Roxana Saberi--the American freelance journalist in Iran recently sentenced to eight years in prison on charges of espionage--worked for years as a reporter in Iran. Now the young woman is freeze-framed in a strange and frightening bit of Iranian diplomatic theater as a character useful to a regime seeking to engage with the United States.

Saberi, who worked for NPR and the BBC among other agencies, lost her press credentials in Iran in 2006 for reasons never really made clear to me. I imagine comparisons could be made to the riddle of reasons given after her arrest a few weeks ago.

Saberi was said to be taken in for buying alcohol, a forbidden purchase in the Islamic Republic. Then it was said that Saberi, who has dual U.S. and Iranian citizenship, was being held for working without press credentials -- a surprising turn since authorities were aware for some time of her status. Next came the charges and conviction: The young writer was an American spy. Confused? Well, welcome to Iran.

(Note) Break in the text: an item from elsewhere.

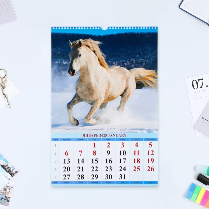Календарь перекидной на ригеле А3 "Лошади" 2025, 32 х 48 см

It might be helpful to know the difficulties that any Westerner encounters in trying to enter Iran as a journalist. I met Saberi once or perhaps twice in 2006 during visits to Iran as a reporter for the Chicago Tribune. Contact was initiated by me and was routine: On any foreign reporting trip, I stop to have coffee or dinner with smart local reporters.

Saberi was matter-of-fact when we met. Friendly and pleasant, she had chosen a rough road, trying to make a career in very hard place to report. She mentioned that she was having trouble getting her credentials renewed. As a fellow American--and one also bound to work in a headscarf, long pants and knee-skimming overcoat to fit government demands on women--I could understand that she would.

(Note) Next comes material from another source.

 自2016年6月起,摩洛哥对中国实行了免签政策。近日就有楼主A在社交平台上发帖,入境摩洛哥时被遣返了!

Iran was allowing some U.S. journalists in the country to report but I found gaining a journalist visa, even a temporary one, was an arduous process of repeated phone calls, multiple emails and faxes and unending requests for (often already-submitted) documents.

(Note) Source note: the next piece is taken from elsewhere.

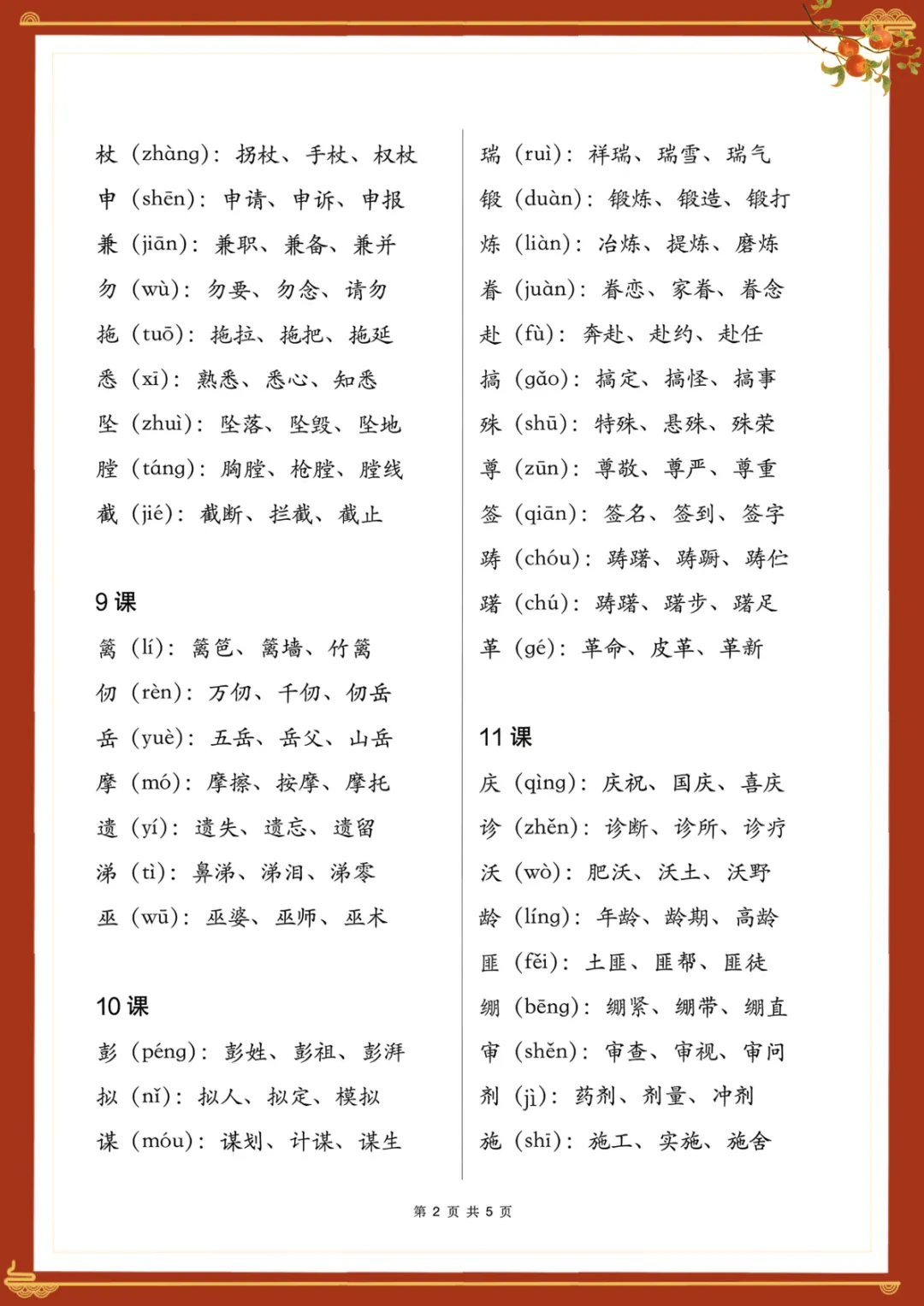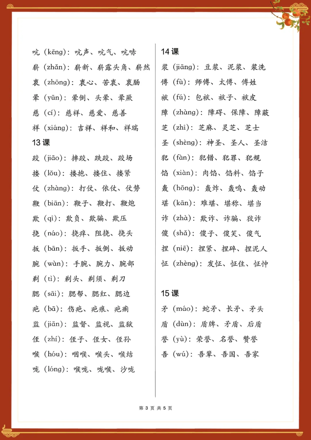 部编版五年级下册语文全册《生字注音及组词》电子版可下载

I never knew when or why a visa would be issued. It could take months. It might be ready in days. (I haven't been issued one for a couple years now--and no, I don't know the reason--so I cannot attest to the process now.) To report from Iran few years ago, I had to first file a written request to the Iranian mission to the United Nations, a letter or email including passport information and personal data such as my parents' names and country of residence.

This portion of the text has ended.